Flaherty agreed with that assessment and added that in future years, the issue will be one of worker shortages, not unemployment.

The economy’s challenge in the future will be finding ways to encourage more handicapped Canadians, seniors, aboriginal people and the young to work, he said.

“We are going to have significant labour shortages in this country,” he said.

“That means we are going to have to encourage more persons with disabilities to work, more seniors to work, more aboriginal people to work, including young people. We need to get rid of disincentives in the employment insurance system to people joining the work force.”
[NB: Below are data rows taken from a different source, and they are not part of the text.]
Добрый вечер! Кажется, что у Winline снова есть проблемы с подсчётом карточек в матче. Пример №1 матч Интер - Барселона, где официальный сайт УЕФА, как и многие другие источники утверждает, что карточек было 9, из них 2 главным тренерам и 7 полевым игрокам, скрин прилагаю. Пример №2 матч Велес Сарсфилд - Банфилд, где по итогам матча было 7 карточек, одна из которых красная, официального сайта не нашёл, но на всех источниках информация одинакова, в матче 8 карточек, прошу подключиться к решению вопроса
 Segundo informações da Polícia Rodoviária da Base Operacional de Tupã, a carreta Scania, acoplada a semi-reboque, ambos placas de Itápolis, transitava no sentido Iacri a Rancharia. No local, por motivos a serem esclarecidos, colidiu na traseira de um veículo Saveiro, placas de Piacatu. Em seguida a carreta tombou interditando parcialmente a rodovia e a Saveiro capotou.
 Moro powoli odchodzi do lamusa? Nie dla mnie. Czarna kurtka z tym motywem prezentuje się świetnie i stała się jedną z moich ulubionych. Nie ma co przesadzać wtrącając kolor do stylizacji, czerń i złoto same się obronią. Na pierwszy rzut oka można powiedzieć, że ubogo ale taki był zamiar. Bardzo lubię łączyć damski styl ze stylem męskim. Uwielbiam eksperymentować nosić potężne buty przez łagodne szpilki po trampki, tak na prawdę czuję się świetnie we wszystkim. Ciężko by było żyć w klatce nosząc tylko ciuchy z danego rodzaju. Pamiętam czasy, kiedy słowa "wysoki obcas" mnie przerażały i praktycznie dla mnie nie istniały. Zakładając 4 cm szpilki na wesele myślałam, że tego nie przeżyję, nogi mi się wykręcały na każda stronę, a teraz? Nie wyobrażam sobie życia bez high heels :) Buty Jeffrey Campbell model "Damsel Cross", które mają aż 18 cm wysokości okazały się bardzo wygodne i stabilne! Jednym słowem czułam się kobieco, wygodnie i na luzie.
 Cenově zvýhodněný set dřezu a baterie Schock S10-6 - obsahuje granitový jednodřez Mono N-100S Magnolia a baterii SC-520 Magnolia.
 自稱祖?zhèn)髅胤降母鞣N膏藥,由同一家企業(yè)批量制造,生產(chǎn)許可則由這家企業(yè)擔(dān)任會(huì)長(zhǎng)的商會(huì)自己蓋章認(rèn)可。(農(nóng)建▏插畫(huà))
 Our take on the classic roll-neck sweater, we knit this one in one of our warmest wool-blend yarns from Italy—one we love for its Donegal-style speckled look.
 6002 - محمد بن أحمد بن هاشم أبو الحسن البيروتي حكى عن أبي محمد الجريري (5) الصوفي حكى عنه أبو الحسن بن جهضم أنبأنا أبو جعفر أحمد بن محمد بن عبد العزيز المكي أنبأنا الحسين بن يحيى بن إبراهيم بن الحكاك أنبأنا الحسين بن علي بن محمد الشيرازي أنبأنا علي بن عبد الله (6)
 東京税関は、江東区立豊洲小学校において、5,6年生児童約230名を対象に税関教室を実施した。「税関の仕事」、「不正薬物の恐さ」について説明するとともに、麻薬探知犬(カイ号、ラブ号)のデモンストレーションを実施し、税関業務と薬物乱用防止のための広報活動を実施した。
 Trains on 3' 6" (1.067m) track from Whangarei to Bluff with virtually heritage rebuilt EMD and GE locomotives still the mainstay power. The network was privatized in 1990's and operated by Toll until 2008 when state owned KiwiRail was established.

The minister’s statement came in a news conference in which he pressed the case for early passage of a massive omnibus bill the opposition has labelled a “Trojan horse” because it bundles together a wide array of issues, from environmental reviews to EI, immigration, old age pensions and public service cutbacks.

Flaherty made clear that the definition of what constitutes “suitable employment” under the Employment Insurance Act will be decided by Human Resources Minister Diane Finley.

But NDP critic Peggy Nash said Canadians should be concerned about what appears to be a hard line taken from the finance minister.

“If you are a computer software developer, will you be working at Tim Hortons? If you are an unemployed teacher or nurse, will you be working in the agricultural sector picking fruit?,” she asked.

“(That) is a colossal waste of skills ... talent and training.”

Nash pointed out that EI is not a government funded program, but an insurance policy paid for by employers and workers.

Liberal critic Marc Garneau, a former astronaut, called Flaherty’s comments “insulting,” and a threat to cut off Canadians currently collecting employment benefits if they won’t accept work in “another sector (or) another town.”

Along with changes to EI, the budget bill also proposes a change to the temporary foreign worker program to single out jobs that Canadians could fill.